In your copy of the entries below, keep every word exactly and leave out all images.

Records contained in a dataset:
╭──

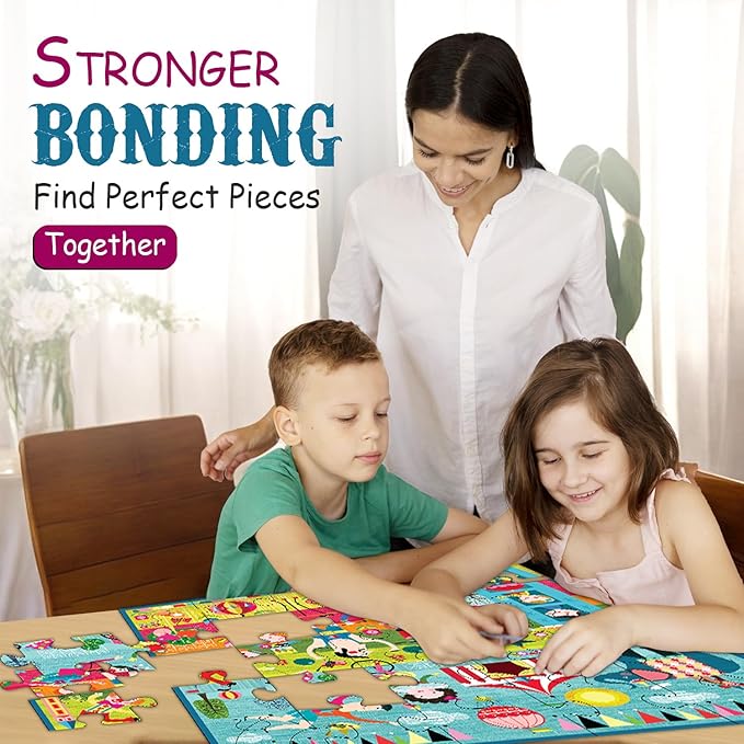 - TODDLER JUMBO PIECE PUZZLE - Our Jumbo Toddler Circus Jigsaw Puzzle is the perfect way to keep your child entertained and engaged. Our jumbo puzzle pieces are large and sturdy, making them easy to hold and less likely to get missed. Moreover, Kids would be able to join the puzzle while looking at the image printed inside the box for easy assembly. The completed puzzle measures 22” x 22”in size.
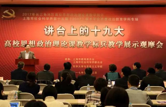 ▲“讲台上的十九大”高校思想政治理论课教学标兵教学展示观摩会在东华大学举行。
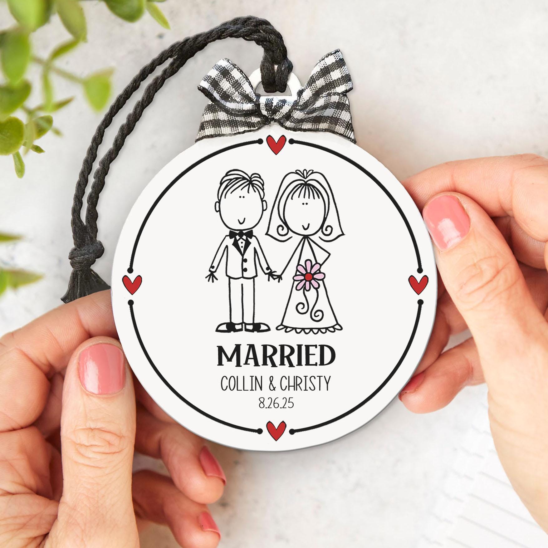 Looking for the Perfect unique newlywed gift? This delightful Married ornament will be the stand-out gift for Weddings, Engagement Parties, Bridal Shower and 1st Christmas Together. A meaningful keepsake that captures the excitement of the happy couple's special milestone and becomes a piece they'll treasure year after year. HANDMADE.
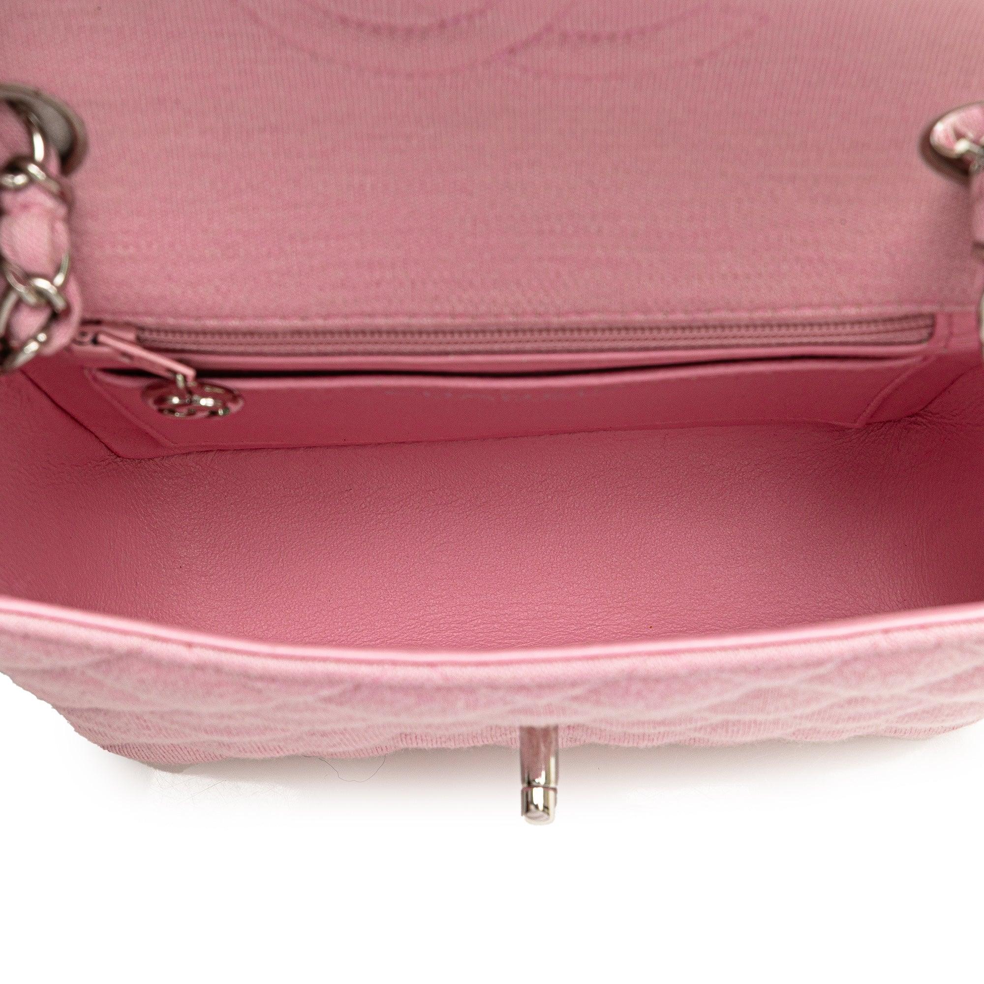 Pink Chanel Mini Square Classic Jersey Single Flap Crossbody Bag - Designer Revival Pink Chanel Mini Square Classic Jersey Single Flap Crossbody Bag - Designer Revival
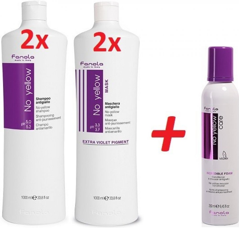 2x Fanola No Yellow Šampon na šedivé vlasy 1000ml + 2x Fanola No Yellow Maska na šedivé vlasy 1000ml + ZDARMA Fanola No Yellow Incredible pěnový kondicionér 250ml
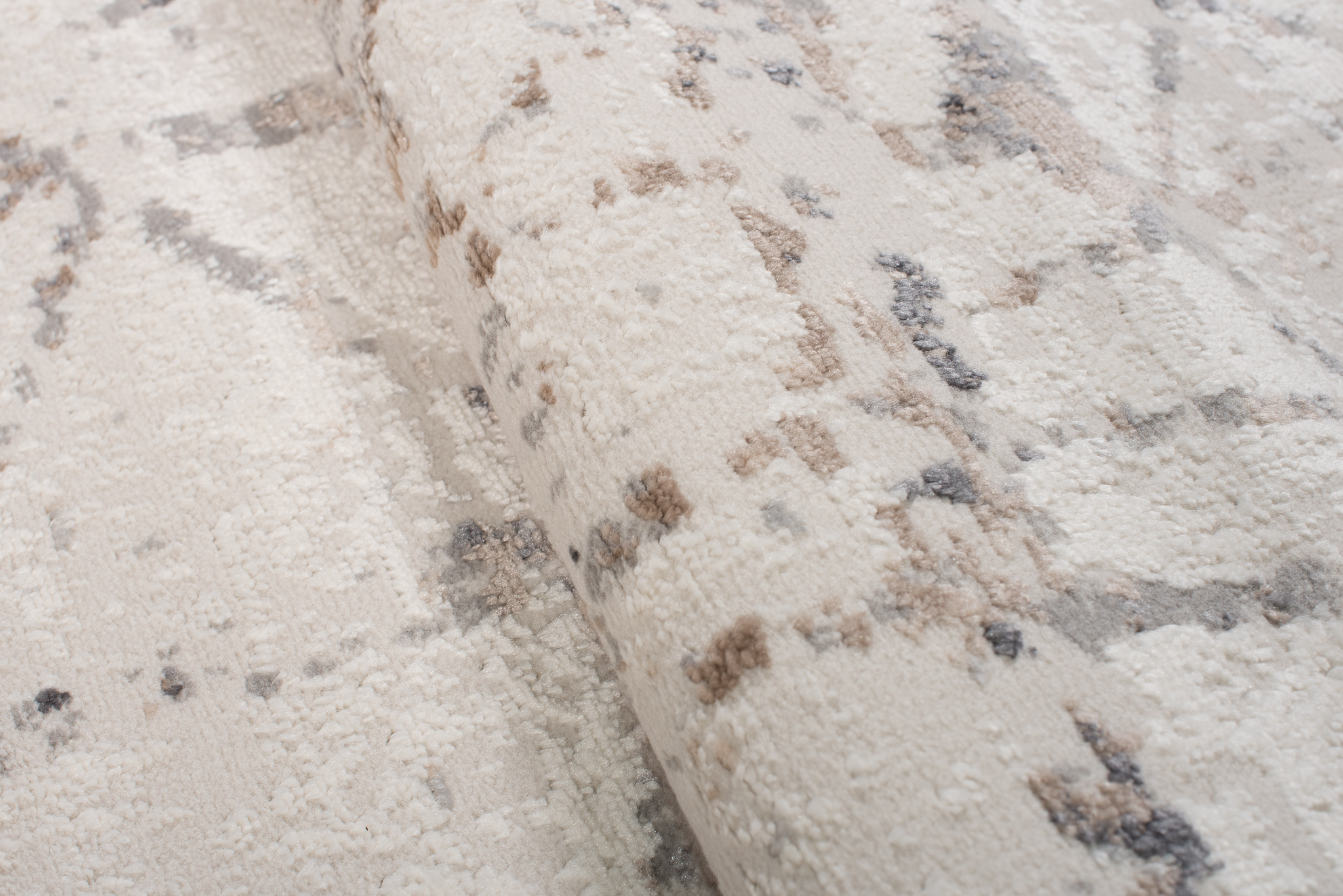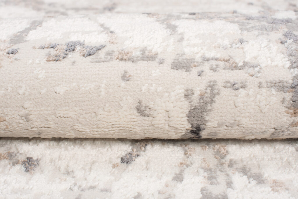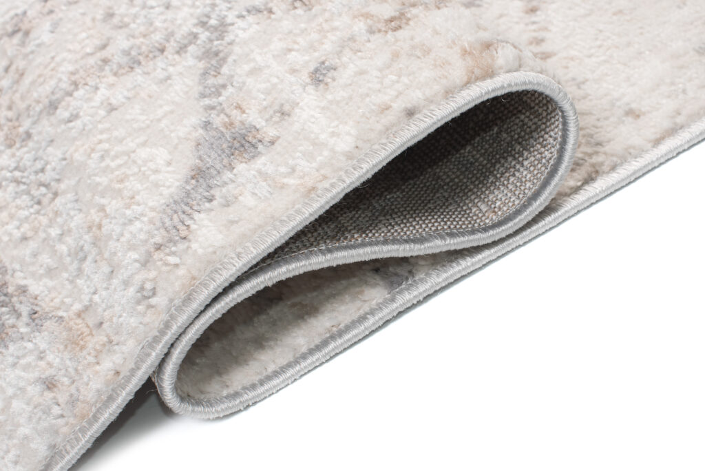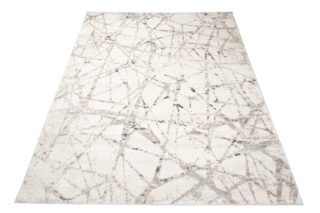 Nowoczesny kremowy dywan Valley odświeży nudny salon oraz rozświetli ciemną sypialnię. Beżowa kolorystyka idealnie wpasuje się do większości stylów wnętrzarskich, w których dominują podobne jasne i spokojne barwy. Artystyczne wzory na jego powierzchni przypominają pajęczą sieć i sprawiają, że produkt ten z pewnością przypadnie do gustu miłośnikom sztuki nowoczesnej. Dzięki prostokątnemu kształtowi dywan będzie współgrał z większością pomieszczeń, a szeroki wybór rozmiarów ułatwi dopasowanie go zarówno do małych, jak i dużych powierzchni. Dzięki niewielkiemu dodatkowi poliestru dywan ma piękną lśniącą poświatę, która sprawia wrażenie, iż włosie jest niezwykle gładkie i miękkie. Produkt został w większości wykonany z wysokogatunkowego polipropylenu, materiału wyjątkowo wytrzymałego na eksploatację oraz uszkodzenia mechaniczne.
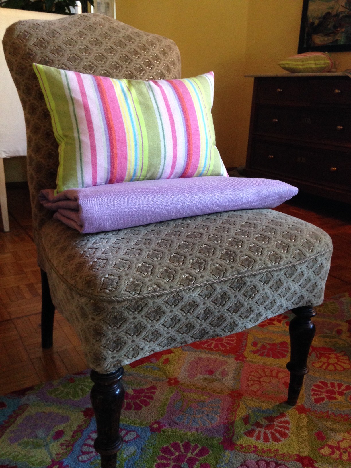 8. Make slip covers for parson chairs in living room – The chairs I mentioned were the chairs on the left but since this post I purchased two antiques slipper chairs that I want to use in their place. They still need to be either upholstered or slip covered but the good news is I have already found fabric for them. I would say this task will be on the list of complete very soon!
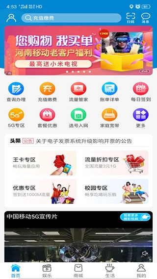打开河南移动应用,完成账号登录后,在首页就能便捷查询话费余额、剩余流量以及语音通话时长。

╰──

— RESULT FOR THIS EXERCISE —
 - TODDLER JUMBO PIECE PUZZLE - Our Jumbo Toddler Circus Jigsaw Puzzle is the perfect way to keep your child entertained and engaged. Our jumbo puzzle pieces are large and sturdy, making them easy to hold and less likely to get missed. Moreover, Kids would be able to join the puzzle while looking at the image printed inside the box for easy assembly. The completed puzzle measures 22” x 22”in size.
 ▲“讲台上的十九大”高校思想政治理论课教学标兵教学展示观摩会在东华大学举行。
 Looking for the Perfect unique newlywed gift? This delightful Married ornament will be the stand-out gift for Weddings, Engagement Parties, Bridal Shower and 1st Christmas Together. A meaningful keepsake that captures the excitement of the happy couple's special milestone and becomes a piece they'll treasure year after year. HANDMADE.
 Pink Chanel Mini Square Classic Jersey Single Flap Crossbody Bag - Designer Revival Pink Chanel Mini Square Classic Jersey Single Flap Crossbody Bag - Designer Revival
 2x Fanola No Yellow Šampon na šedivé vlasy 1000ml + 2x Fanola No Yellow Maska na šedivé vlasy 1000ml + ZDARMA Fanola No Yellow Incredible pěnový kondicionér 250ml
 Nowoczesny kremowy dywan Valley odświeży nudny salon oraz rozświetli ciemną sypialnię. Beżowa kolorystyka idealnie wpasuje się do większości stylów wnętrzarskich, w których dominują podobne jasne i spokojne barwy. Artystyczne wzory na jego powierzchni przypominają pajęczą sieć i sprawiają, że produkt ten z pewnością przypadnie do gustu miłośnikom sztuki nowoczesnej. Dzięki prostokątnemu kształtowi dywan będzie współgrał z większością pomieszczeń, a szeroki wybór rozmiarów ułatwi dopasowanie go zarówno do małych, jak i dużych powierzchni. Dzięki niewielkiemu dodatkowi poliestru dywan ma piękną lśniącą poświatę, która sprawia wrażenie, iż włosie jest niezwykle gładkie i miękkie. Produkt został w większości wykonany z wysokogatunkowego polipropylenu, materiału wyjątkowo wytrzymałego na eksploatację oraz uszkodzenia mechaniczne.
 8. Make slip covers for parson chairs in living room – The chairs I mentioned were the chairs on the left but since this post I purchased two antiques slipper chairs that I want to use in their place. They still need to be either upholstered or slip covered but the good news is I have already found fabric for them. I would say this task will be on the list of complete very soon!
打开河南移动应用,完成账号登录后,在首页就能便捷查询话费余额、剩余流量以及语音通话时长。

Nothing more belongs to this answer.